Wednesday, July 25, 2012

Producers and Parasites

The only useful people today are those engaged in producing the wealth. It is they alone who must eliminate the parasites and usher in a new social order. The future of civilisation is in the hands of the producing class.

 Many other workers talk about “my job.” It is partly habit and partly belief that in some way or other it is their job. The job is regarded as a sort of fundamental right, but the truth of the matter is that the worker has not got a job. It is the other fellow’s job. The capitalist own the means of wealth production; therefore, they own the job. When the capitalists tells the workers to “get out” They are obeyed. The workers have to leave. They are obliged to leave “their jobs” behind. Dependence upon a job and the wages are the invisible chain that binds us to the machine cuts them to the quick. The workers must struggle to keep up their wages and to better their standard of living. In this struggle the odds are always against them and on the side of the capitalists. The competition for jobs keeps wages down to a minimum. If, for a time, there is a brief industrial boom, it is always followed by a crisis that creates a jobless army. Every improvement, every invention that increases production, is a further economic fetter on labour.

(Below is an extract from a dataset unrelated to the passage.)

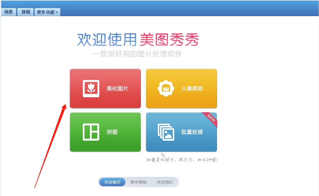 我们打开美图秀秀,进入界面,点击美化图片,

The worker under capitalism is a “free” man. He is free to go where he likes. He does not have to work for any one boss. If he does not like an employer he can quit, but if he does not like the employing class he can not quit, unless he is prepared to starve. He is a slave to a class. His freedom amounts to having a longer chain than his predecessors – the serf or chattel slave. It is true that he is not bought and sold and that he has liberties unknown to former generations of workers. It is also true that he takes greater risks than former workers and that while he is not sold he is obliged to sell himself.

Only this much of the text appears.